Three previous studies found that food anticipatory activity was absent or very weak in mPer2 Brdm1−/− mice10,11,12. The mPer2 Brdm1−/− mice are a distinct strain from the mPer2 ldc−/− mice we used in our first experiment14,15. These are 2 distinct lines of Per2 mutants produced by different laboratories. mPer2 Brdm1−/− mice express a mutant transcript that lacks most of the PAS domain, while mPer2 ldc−/− mice are null mutants that do not express PERIOD2 protein14,15. Moreover, in 2 studies of food anticipatory activity in the mPer2 Brdm1−/− strain, the mice were on a hybrid C57BL/6 × 129S5/SvEvBrd genetic background10,11. Thus, we next performed daytime restricted feeding in mPer2 Brdm1−/− mice on a hybrid genetic background (Fig. 3; actograms of all mice shown in Figs S7S13). During ad libitum feeding, wild-type and mPer2 Brdm1−/− mice had minimal daytime activity (Fig. 3: ALI). During 4-h restricted feeding (ZT6-10; ZT5-9 in Figs S7S9), the wheel-running activity of wild-type and mPer2 Brdm1−/− mice increased prior to feeding (Fig. 3: RF; Fig. 4a). Food anticipatory activity disappeared during ad libitum feeding after restricted feeding (Fig. 3: ALII). Robust daytime activity reappeared at the predicted phase in some mPer2 Brdm1−/− mice during the second, but not first, day of fasting (Fig. 3: FD; Fig. 4b, c). Later we released the mice into constant darkness and confirmed that mPer2 Brdm1−/− mice had short free-running periods of activity compared to wild-type mice as previously reported (Figs S7S13)15.

Figure 3
Figure 3

Food anticipatory activity in Period2 mutant (Brdm) mice. Representative double-plotted actograms (a,b) and group average activity profiles (cj) of wild-type (a,c,e,g,i) and mPer2 Brdm1−/− (b,d,f,h,j) mice. The time when food was available is indicated by gray shading on the left half of each actogram and in the activity profiles.
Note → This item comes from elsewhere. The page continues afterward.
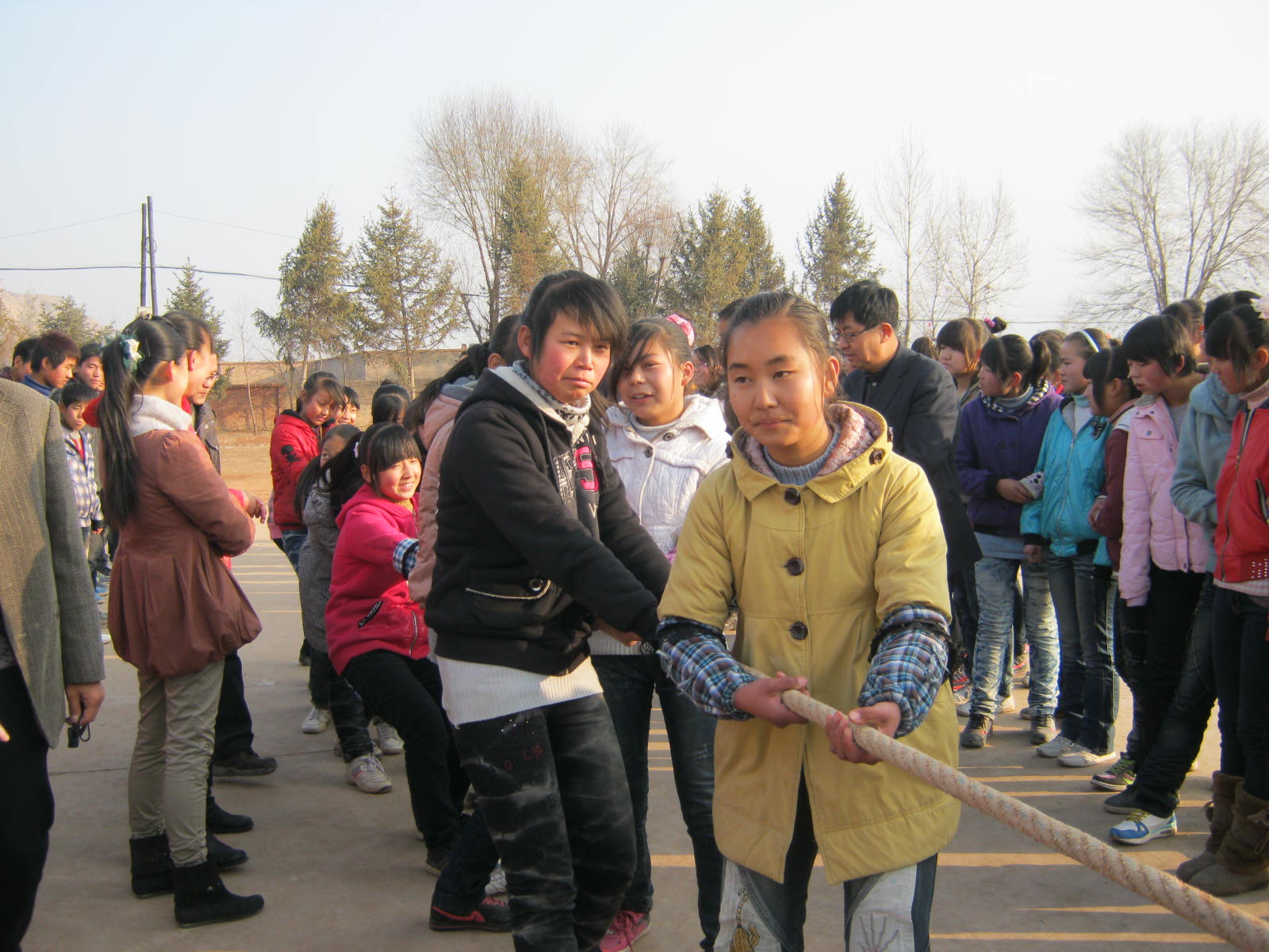 今天我们学校进行了拔河比赛,老师一通知我们大家都跃跃欲试,可是每个班只有十五位同学能参加比赛,我由于身材弱小,班主任就让我当啦啦队员!

The light-dark cycle is indicated by the white and black bars, respectively. The black traces in the group activity profiles represent the mean number of wheel revolutions (in counts/10-minute bin) plotted relative to the light-dark cycle where 0 is lights on and 12 is lights off. The SEM is shown in dark gray shading in each activity profile. ALI, RF, ALII, and FD in a-d indicate the days used to generate the activity profiles ad libitum I (c,d), restricted feeding (e,f), ad libitum II (g,h) and food deprivation (I,j), respectively. Forty-eight hours of continuous food deprivation is shown (I,j) and the dotted lines indicate when food was available during the preceding restricted feeding.

Figure 4
Figure 4

Food anticipatory activity from individual wild-type and Period mutant (Brdm strain) mice. (a) Food anticipatory activity (FAA) during 9 days of restricted feeding (RF) of wild-type (n = 12) and mPer2 Brdm1−/− (n = 17) mice was determined by totaling the number of wheel revolutions per minute from 4 hours before feeding time to the end of feeding time (total of 8 hours). FAA during fasting was defined as the total number of wheel revolutions per minute from 4 hours before feeding time to the end of previous feeding time (total of 8 hours). Wheel-running FAA for each mouse was determined separately for the first (Day 1; b) or second (Day 2; c) day of fasting. Black circles are individual mice fed from ZT6-10. Blue circles are individual mice fed from ZT5-9. The mean of each group is a horizontal line.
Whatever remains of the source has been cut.